えーさて、E3の講演でも話題をかっさらっていましたが、イタロ・カルビーノさん、ね。イタリア最古のプロゲーマであり、現役最高齢のストリーマーでもあるイタロさんとね、フォートナイトを結び付けて解釈しちゃおうという、まあゲームと文学のなんちゃらかんちゃらなんですが。
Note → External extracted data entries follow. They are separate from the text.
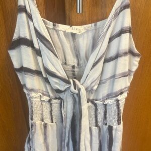 Chic mini dress with ruffle details. Features a stylish striped pattern.
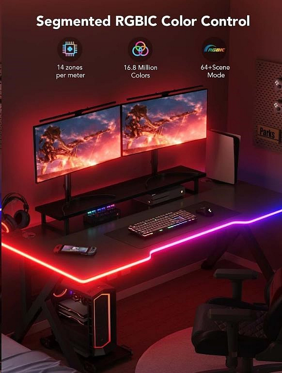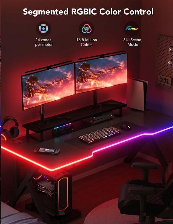 Světelný pásek Govee Neon Gaming Table Light nabízí více než 64 různých režimů pro dokonalé naladění světelné atmosféry. Govee technologie RGBIC umí zobrazit až 57 barev najednou z celkové škály 16 milionů barev při intenzitě 1-100%. Může se také pochlubit životností až 50.000 hodin.
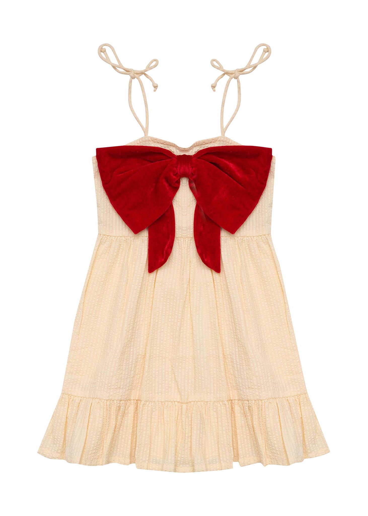 This charming Dasher dress is designed with a playful yet classic aesthetic. Made from Seersucker fabric that has a light and airy feel. It features thin shoulder straps that tie into dainty bows, adding a sweet adjustable detail.
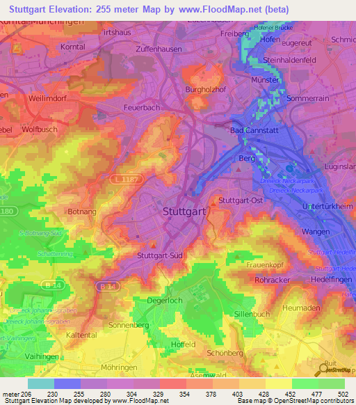 Note:Please note that Stuttgart,Germany Elevation Map is in beta.

皆さん、ご存じ日本のフェイマス出版社、岩波いやロックウェーブ(かっこよくない?)からイタロ著「アメリカ講義、新たな千年記のための6っつのメモ」という本が出てますよね。ここには「軽さ」「速さ」「正確さ」「視認性」「多様性」って項目が書かれているのですが、長年、これがそもそも何について語っているのかは研究者の間では問題でした。なんでかっていうと、まこれイタロさんがアメリカのえらーい大学でちょっと講義やってよといわれ、オッケーって感じで講義用のテクスト作り始めたんですけど、途中で死んじゃったんですね残念。だから、さっきあげた項目がシットコムについてなのか、自動車のエンジンオイルについてなのか、はたまた3才児くらいの子育てについてなのか、わかんなかったわけですよ。須賀敦子さんは「文学」じゃないか、なんてことを言ってたかもしれないですが、自分の見立てではこれ「フォートナイト」のこと言っているんだと思います(本題)

ま、やってみましょ。

 

①軽さについて

フォートナイトは軽い。ね。これはもうわかる。ルックがまず軽い。これはねー非常に大事。PUBGみてみなよ。いかついでしょ。あれさ、なんかこう。FPSやってない人ルックみただけで無理かなって思うじゃん(そうじゃん)でもさ。フォートはルックがかるいから「ま、ちょっとやってみようかな」って気になりやすいのよ。これはさー。やっぱいまってコンテンツ多可じゃん。いっぱいありすぎて自分に合わないゲームちょっとでも触りたくないのよ無意識に。そういう防御線を越えてくる「軽さ」がフォートにはあるわけ。大事だぜ、こういうの。でもう一つの「軽さ」として、まーデータ軽そうっていうか、まあルックをダウングレードしてもOKなデザインだよね。だからスイッチやスマホっていうマルチ展開ができるし、ユーザーも絵ジャギっててもいいかって気になるこの「軽さ」も今は大事。まあと「負け」も軽いよね。バトロワだからっていうのもあるけど、「負け」が軽いせいでストレスなく遊べちゃう。これもフォートの魅力。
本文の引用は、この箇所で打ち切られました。